Garland detectives are combing through both journalism and real estate records of slain reporter Jacinto “Jay” Hernandez Torres in the search for his killer, Garland police said this week.
Detectives confiscated reporter notebooks that were in his car when Torres was found shot to death June 13 in the backyard of a Garland residence, family members said. They also have provided Garland police with the names of more than 30 tenants who lived on property owned by Torres’ company, The Establishment Inc. in Dallas.
Torres was a freelance reporter and photographer for La Estrella, the Star-Telegram’s bilingual publication, for almost two decades and he was a real estate agent. As a journalist, he went by the name Jay Torres.
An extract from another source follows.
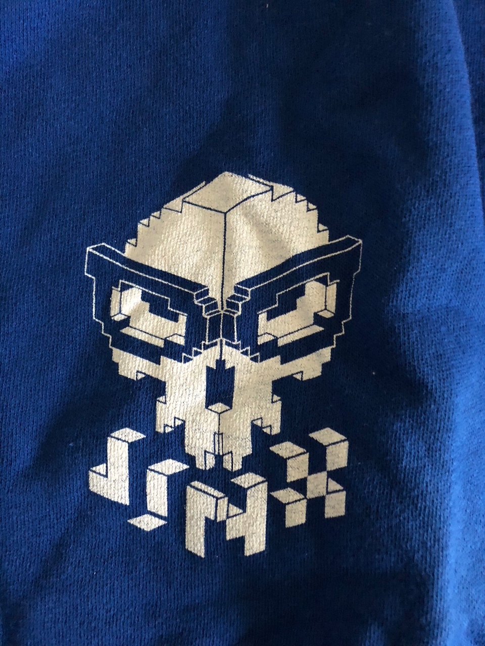 Because it's a zip-up hoodie, you get the pockets on the front that are pretty well sized. When we look at hoodies, one of the big things for us is to determine how well you'll be able to keep your hands warm, and these work well. You can throw a wallet or a cell phone in here and still have space to place your hands and keep them bundled up. The front logo of the hoodie is a pixel skull design put on a 3D plane to mimic a cube design, which works really well to show off it's a Jinx hoodie right from the get-go.
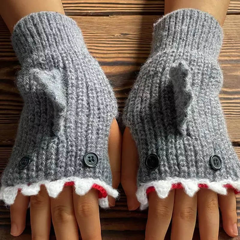 Shark Knitted Button Fingerless Gloves

“Detectives are going through a lot of information,” Garland police Lt. Pedro Barineau said Tuesday. “And they are looking at everything. The problem is that he was there several days before he was found.”
Police don’t believe Torres was robbed, because he wasn’t missing any items.
“Detectives have several leads, but they are having to interview several different people,” Barineau said.
Although he never provided his family with details of the stories he was working on, Torres had written “risky” stories in the past, his daughter, Aline Torres, said in a telephone interview this week.
She said he had been working on a story since October that she described as risky, but she said her father did not go into detail about it.
Anyone with information is asked to contact Garland police. Tips also can be submitted to Garland Crime Stoppers at (972) 272-8477 or garlandcrimestoppers.org.
In one of his last stories for La Estrella, Torres interviewed a group of Mexican citizens who traveled in eight vehicles to México to vote in the June 5 elections.
According to the story Torres wrote, a group of doctors and attorneys were part of the caravan. They had received their degrees in Mexico but had immigrated to the United States to work in the construction industry.
“I called Jay to talk about doing a feature story about professionals from México who work in construction, restaurants or the service industry,” Juan Antonio Ramos, executive editor of La Estrella, said. “A sort of human interest story about those professionals who have immigrated to this country.”
Torres agreed to work on the assignment.
“That was the last conversation we had,” Ramos said. “He was diligent in pursuing leads, he’d look very carefully into those stories and whenever he had something definite, he would call us to talk about it.”
Ramos said Garland police have not contacted him.
Family members said that Torres had five to six reporter notebooks in his car and carried one or two with him. Those notebooks are being reviewed by Garland police.
Aline Torres said stories written by her father angered several readers in the past.
“He had written stories on Hispanics getting scammed, and that pissed off some people,” she said.
Torres considered surveillance camera
Torres also had to deal from time to time with angry tenants as part of his real estate business.
His son, Gibran Torres, said at least one of them had a long criminal history.
“He had talked about installing a surveillance camera at his office in Dallas,” Gibran Torres said. “The windows were so high at his office that he couldn’t see who was approaching his door. He felt it would be safer if he could see them.”
Family members said Torres wrote everything down and didn’t use a computer.
“We’re having to go through all his records and then giving it to the police to help them with the investigation,” Gibran Torres said. “We’re hoping it helps.”
Torres was last seen June 11 at a Garland home that was for sale in the 4200 block of Mayflower Drive. Gibran Torres said his father met with a foundation repair contractor at the residence, where the Dallas journalist would be found dead a few days later.
“I texted him about 6 p.m. on that Friday but he didn’t respond,” Aline Torres said in a telephone interivew. “I tried again on Saturday, the next day, and again he didn’t answer, but I wasn’t worried.”
Torres’ business partner found his body on the evening of June 13. Garland police said that Torres had been dead for “multiple days.”
National organizations speak out
National organizations including the United Nations agency tasked with defending press freedom have called for investigation into the death.
“I condemn the murder of Jacinto Hernández Torres,” Irina Bokova, Director-General of the UN Educational, Scientific and Cultural Organization (UNESCO), said in a statement released Wednesday. “I call on the authorities to investigate this killing and its motives so that those responsible for it be brought to trial.”
Carlos Lauría, the Committee to Protect Journalists’ senior program coordinator for the Americas said, “It’s important that authorities thoroughly investigate the murder of Jay Torres, including whether his journalistic work was the motive for his death."
Mekahlo Medina, national president of the National Association of Hispanic Journalists, said Torres’ homicide affected the organization.
“We are alarmed by the death of Jay and urge the authorities to investigate thoroughly, including whether his journalistic work was the cause of his death,” Medina said.
Since 1992, seven journalists have been killed in the United States, according to statistics from the Committee to Protect Journalists, based in New York. Four were murdered and three killed while on dangerous assignments. Those assignments included demonstrations, riots, clashes between rival groups and mob situations.
This report contains information from La Estrella and Star-Telegram archives.